Глаза и губы Вулфа оставались узенькими щелочками.
– Я тебе не верю! – прорычал он. – А как же мисс Роуэн?
– Давайте не будем втягивать сюда мисс Роуэн, – сварливо ответил я.
– А как насчет тысяч других женщин, за которыми ты волочишься?
– Вовсе не тысяч. Даже и одной тысячи-то не наберется. И насчет «волочишься» я не уверен. Проверю по словарю. Думаю, вы неточно представляете его смысл. К тому же все эти женщины свое получат, как и Марго, например. Сами видите, душевнобольной я лишь до определенного предела. Я отдаю себе отчет…
– Сядь!
– Нет, сэр. Я отдаю себе отчет в том, что нам придется все это обсудить, но сейчас вы слишком взвинчены и плохо соображаете, так что разговор по душам нам лучше отложить на денек-другой, а то и побольше. К субботе мысли о том, что в вашем доме поселится женщина, могут довести вас до белого каления, вот как сейчас, либо, напротив, вы успокоитесь настолько, что будете лишь тихо кипеть, как чайник, и брызгать слюной. В первом случае никакие разговоры нам не помогут. Во втором – вы можете прийти к выводу, что стоит попробовать. Так, во всяком случае, я надеюсь.
С этими словами я круто повернулся и вышел вон.
В прихожей я остановился и задумался. Конечно, я мог бы подняться в свою комнату и позвонить оттуда, но рассвирепевший Вулф вполне мог поднять трубку своего аппарата и подслушать разговор, в то время как я предпочитал поговорить без свидетелей. Поэтому я снял с вешалки шляпу и пальто, оделся, вышел, запер за собой дверь, спустился с крыльца, протопал до аптеки на Девятой авеню, нашел свободную кабину и набрал нужный номер. Несколько секунд спустя мелодичный голосок – не заговорил, нет, – зачирикал прямо мне в ухо:
– Студия Курта Боттвайля, доброе утро.
– Это Арчи Гудвин, Черри. Могу я поговорить с Марго?
– Ну конечно. Одну минуточку.
Минуточка чуть затянулась. Потом послышался другой голос:
– Арчи, дорогой мой!
– Да, крошка. Оно у меня в кармане.
– Я знала, что тебе это удастся!
– Разумеется, мне все удается. Кстати, ты сказала, что готова отдать хоть целую сотню, да и я поначалу думал, что уж с двадцаткой-то расстаться точно придется, а в итоге все удовольствие влетело в пятерку. Радуйся: тебе вообще оно обойдется бесплатно, поскольку благодаря этой бумажке я уже повеселился на пару миллионов, а то и больше. Расскажу при встрече. Отправить тебе разрешение с посыльным?
– Нет, не думаю… Лучше я сама приеду и заберу его. Где ты находишься?
– В телефонной кабинке. Возвращаться домой мне бы пока не хотелось, поскольку мистер Вулф предпочитает кипеть от злости в одиночку. Как насчет того, чтобы через двадцать минут встретиться в «Черчилле», в баре «Тюльпан»? Я настроен угостить тебя коктейлем.

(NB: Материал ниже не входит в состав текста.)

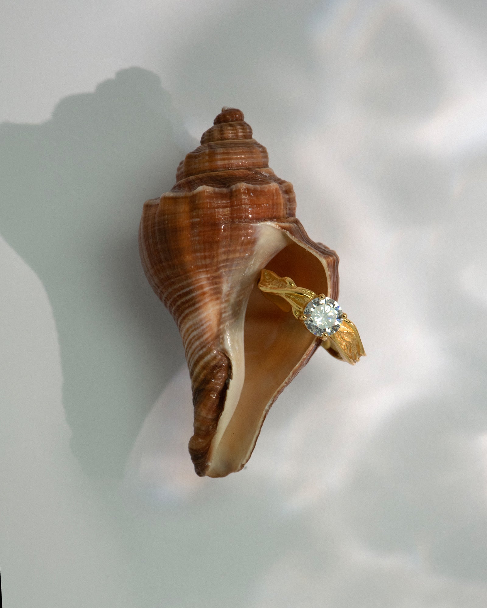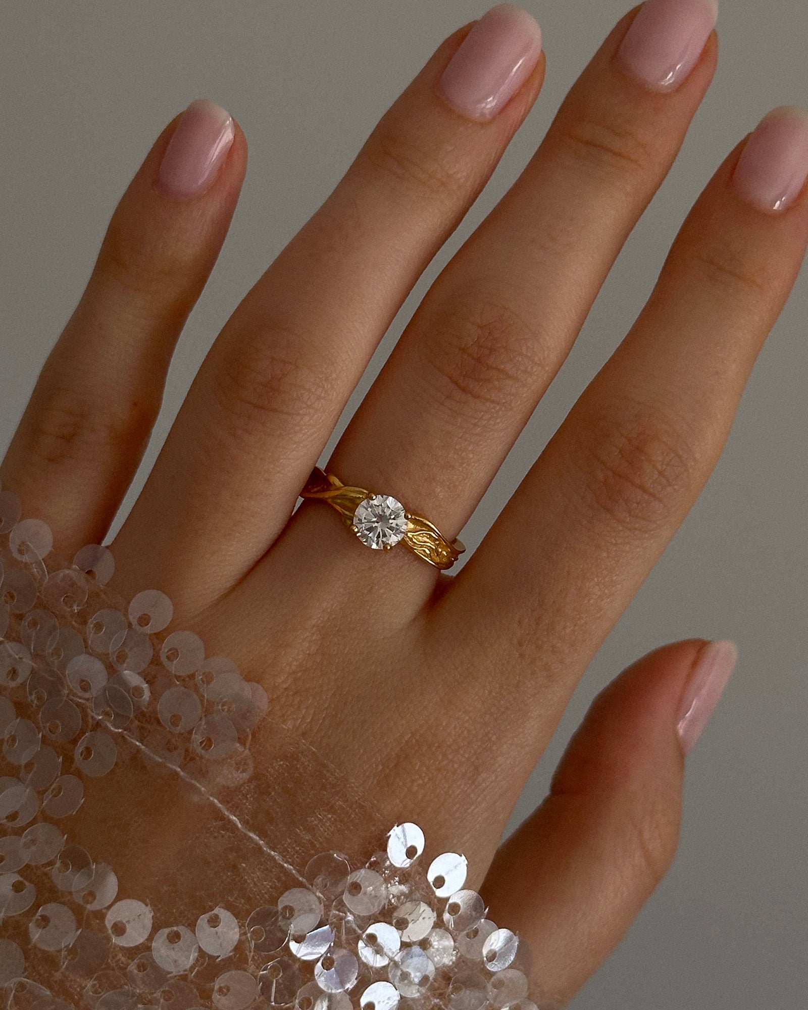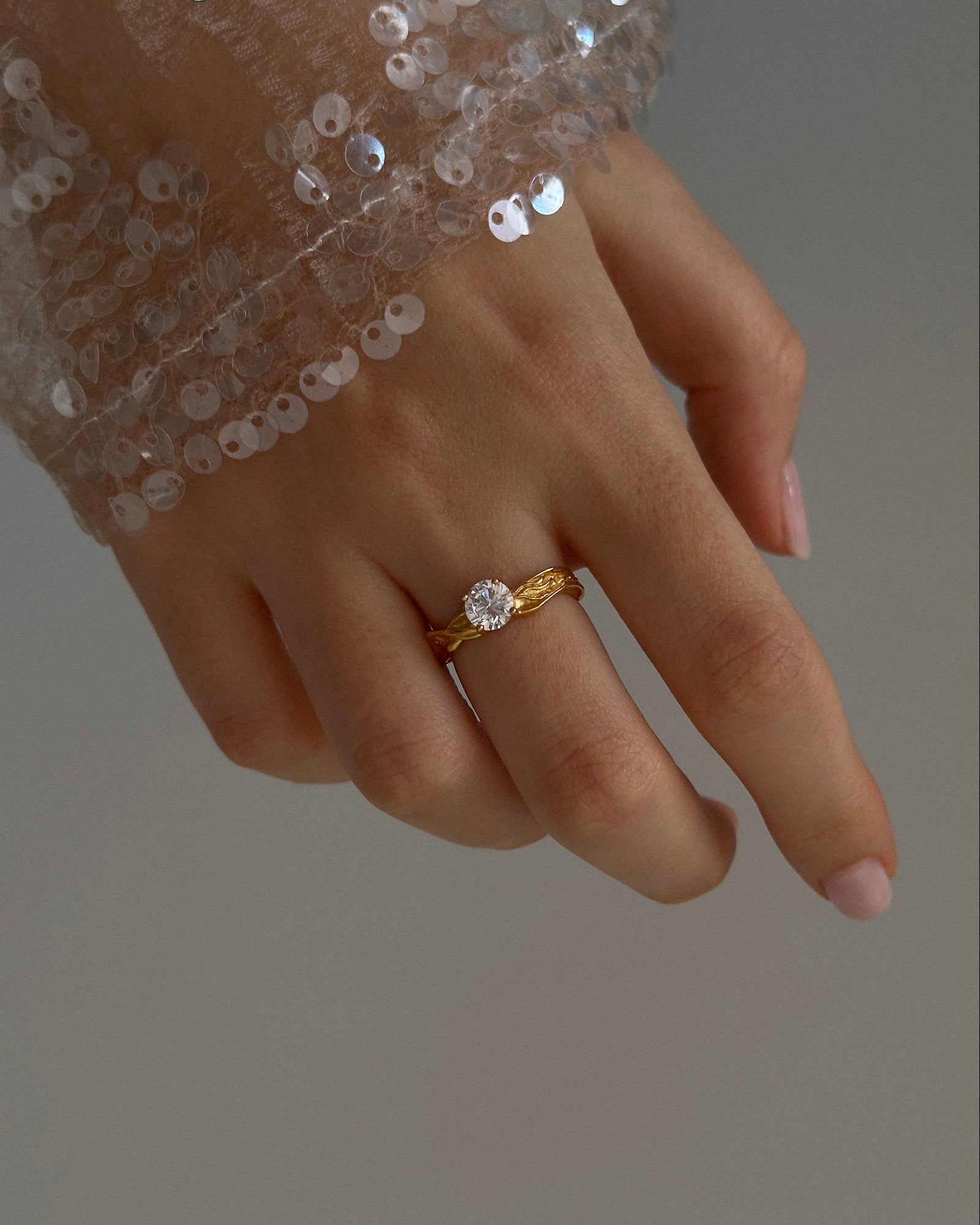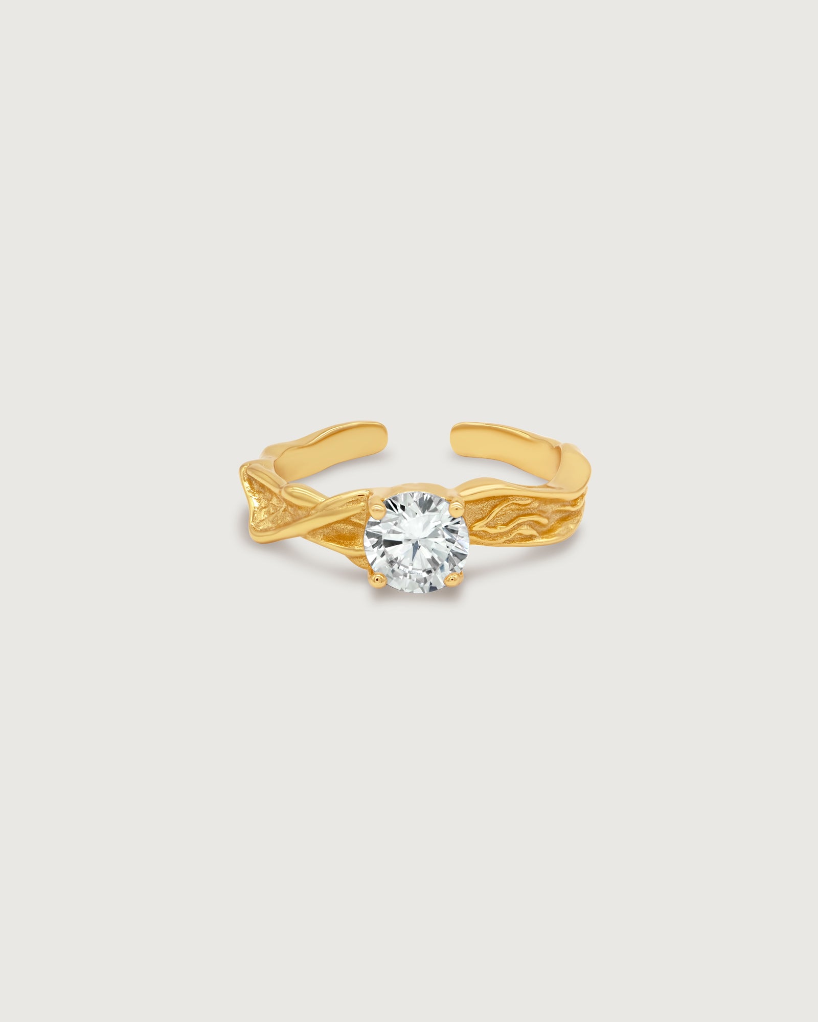The Nerissa Ring radiates effortless elegance. It features a textured gold band that flows in gentle, irregular waves, embodying vintage charm with a modern twist. A brilliant round cubic zirconia crystal graces the centre, lending a touch of refined sparkle. This design speaks to a modern romantic, offering a timeless statement that’s as unique as you are.
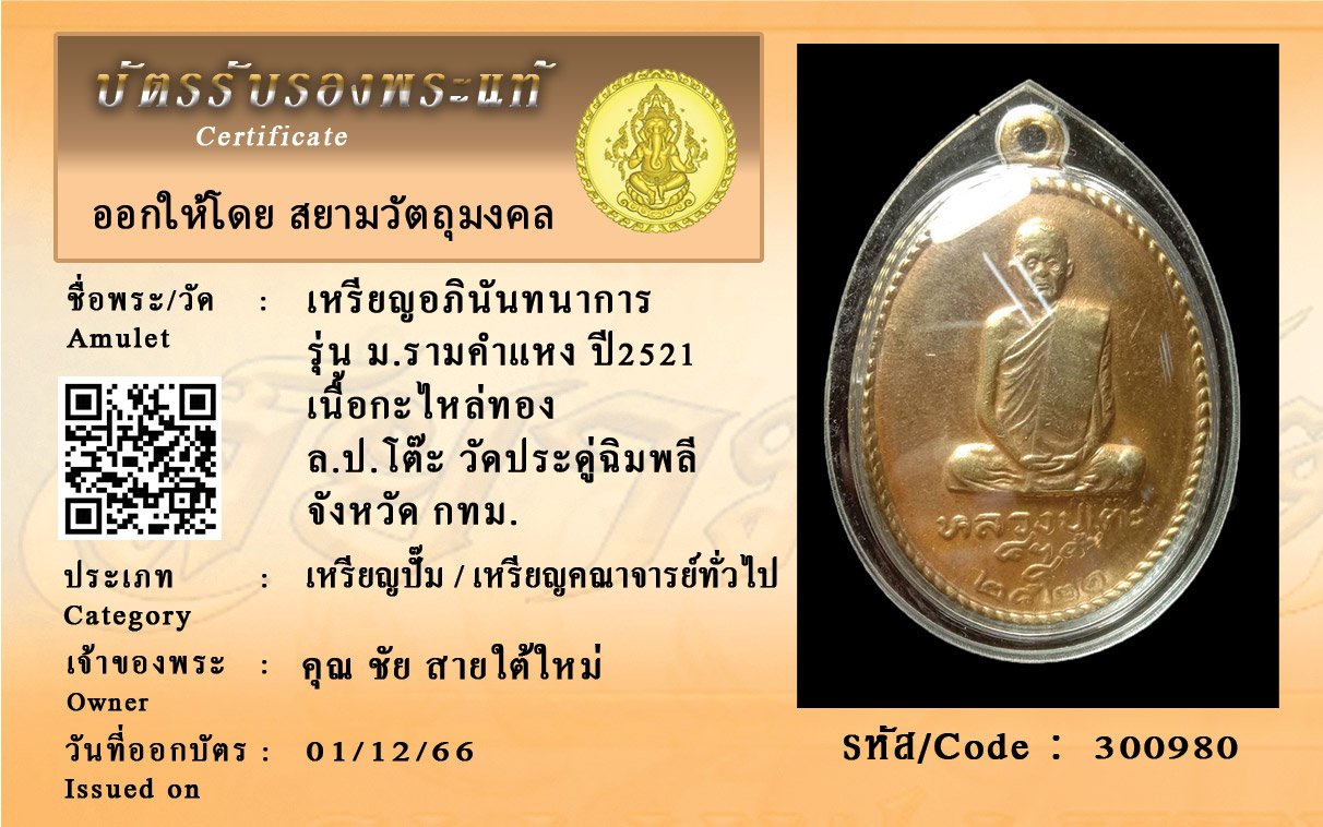รหัสสินค้า : 300980 เหรียญอภินันทนาการ รุ่น ม.รามคำแหง ปี2521 เนื้อกะไหล่ทอง ล.ป.โต๊ะ วัดประดู่ฉิมพลี จังหวัด กทม.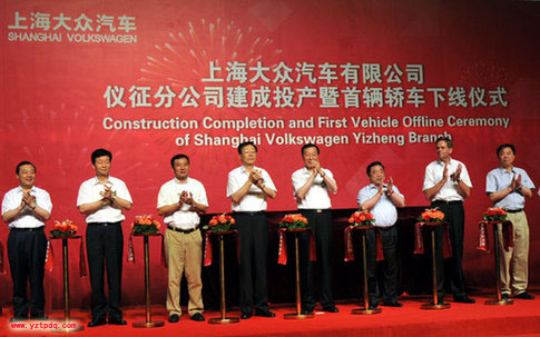揚(yáng)州網(wǎng)綜合報道 今天上午十一點(diǎn),上海大眾汽車有限公司儀征分公司舉行建成投產(chǎn)暨首輛轎車下線儀式。江蘇省委書記羅志軍,省長李學(xué)勇、省委常委、秘書長樊金龍,副省長張衛(wèi)國、揚(yáng)州市委書記謝正義、市長朱民陽等領(lǐng)導(dǎo)出席儀式并剪彩,共同為首輛轎車下線進(jìn)行啟動。

– Это я настроена угостить тебя чем угодно!
Еще бы – как-никак на карту поставлены мои рука и сердце!
Глава 2
Когда в пятницу в три часа дня я выбрался из такси перед четырехэтажным зданием в районе Восточных Шестидесятых улиц, снег валил стеной. Если так будет продолжаться, то к Новому году Манхэттен скроется под сугробом, подумал я.
В течение двух дней, прошедших с того памятного случая, когда мне удалось повеселиться на пару миллионов, а то и больше, обстановка в нашем доме совершенно не напоминала праздничную. Если бы мы вели какое-нибудь расследование, то были бы вынуждены часто и подолгу общаться, но, поскольку мы сидели без дела, необходимость в общении отпала. Вот тут-то, в тяжкие дни испытаний, и проявились наши истинные лица. Я, например, сидя за столом во время трапезы, был неизменно сдержан и учтив, говорил, когда возникала потребность, вежливо и тихо, как и подобает культурному и воспитанному человеку. А вот Вулф открывал рот только для того, чтобы рыкнуть или рявкнуть. Ни один из нас не заговаривал ни о счастье, которое мне привалило, ни о приготовлениях к торжеству, ни о предстоящем в пятницу свидании с моей невестой, ни даже о путешествии Вулфа на Лонг-Айленд.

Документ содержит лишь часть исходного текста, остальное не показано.